User Study: 17 participants performed two matching tasks (selecting the generated image that best matches the soundscape, and selecting the generated image that looks most like the ground truth), yielding an average matching accuracy of 86.13%, indicating a strong perceptual alignment between the soundscape and its generated landscape.
Ablation Study¶
The two scene-conditioning modules were validated on SoundingSVI (with MoE set to 2 experts). Removing both SLRCM and S-AdaLN resulted in the most severe performance drop, and removing either individually degraded the results, with S-AdaLN proving more critical than SLRCM.

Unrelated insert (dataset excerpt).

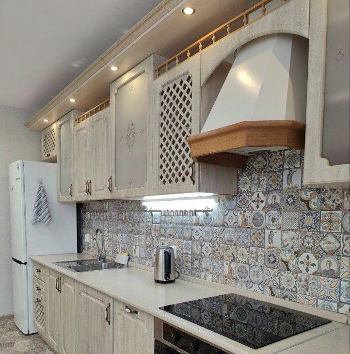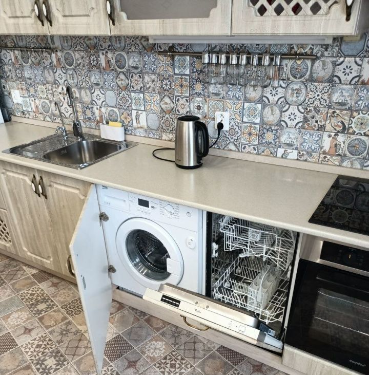 крупная и мелкая бытовая техника: холодильник, стиральная и посудомоечная машины, микроволновая печь, духовой шкаф, варочная поверхность, чайник, утюг, моющий пылесос, водонагреватель, а также ТВ-зона и WiFi роутер.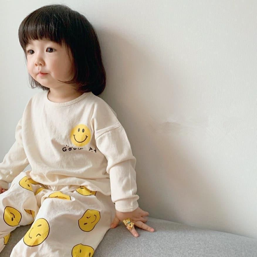 한국식 봄과 가을 소년과 소녀 아기 웃는 얼굴 긴 소매 티셔츠 바지 투피스 세트 아기 느슨한 캐주얼 세트 어린이스토어 가기

| Configuration | FID↓ | AIS↑ | IIS↑ | PSS_Scene↑ | Explanation |
|---|---|---|---|---|---|
| Full Model | 19.195 | 0.538 | 0.750 | 0.734 | Full Model |
| w/o SLRCM + S-AdaLN | 25.375 | 0.511 | 0.539 | 0.428 | Both scene modules removed; scene consistency collapses |
| w/o SLRCM | 20.335 | 0.534 | 0.728 | 0.704 | Front-end low-rank injection removed; slight degradation |
| w/o S-AdaLN | 23.435 | 0.529 | 0.629 | 0.572 | Back-end scene modulation removed; larger degradation |
Expert Scalability: Keeping other settings constant, increasing the number of experts \(M\) in the MoE soundscape conditioning from 2 to 8 monotonically improved the FID and scene consistency.
| Number of Experts \(M\) | 2 | 4 | 6 | 8 |
|---|---|---|---|---|
| FID↓ | 19.195 | 18.304 | 17.278 | 16.839 |
| PSS_Scene↑ | 0.734 | 0.741 | 0.742 | 0.753 |
Key Findings¶
- S-AdaLN contributes more between the two scene-conditioning modules: removing it alone raises FID by +4.2 and drops scene PSS by −0.162, vastly exceeding the loss caused by removing SLRCM. This indicates that injecting the scene condition after the MoE soundscape conditioning is more important than doing so before.
- "Sandwiching" the scene condition (injecting once before via SLRCM and once after via S-AdaLN) is superior to injecting it only once. Removing both causes the scene PSS to plunge from 0.734 to 0.428.
- MoE soundscape conditioning improves monotonically with the number of experts, confirming that the design of shared K/V + expert-specific low-rank Queries can capture more diverse soundscape structures within a fixed computational budget.
- SounDiT supports generating different, yet acoustically matched, landscape images for the same soundscape by varying the scene prompt, directly serving downstream applications like soundscape-guided urban design.
Highlights & Insights¶
- Reconceptualizing "sound source recognition" as "geographic place inference": Moving from painting "that specific bird" to painting "the type of environment where the bird lives" is the most inspiring "aha" moment of this paper. This task redefinition itself opens up practical application areas in geography and urban planning.
- The "sandwich" injection of scene conditions is clever: Placing SLRCM (front-end low-rank residual in block) and S-AdaLN (back-end AdaLN modulation in block) on both sides of the MoE soundscape conditioning resolves acoustic ambiguity and prevents the scene information from being washed out by the soundscape conditions—a setup strongly supported by the ablation results.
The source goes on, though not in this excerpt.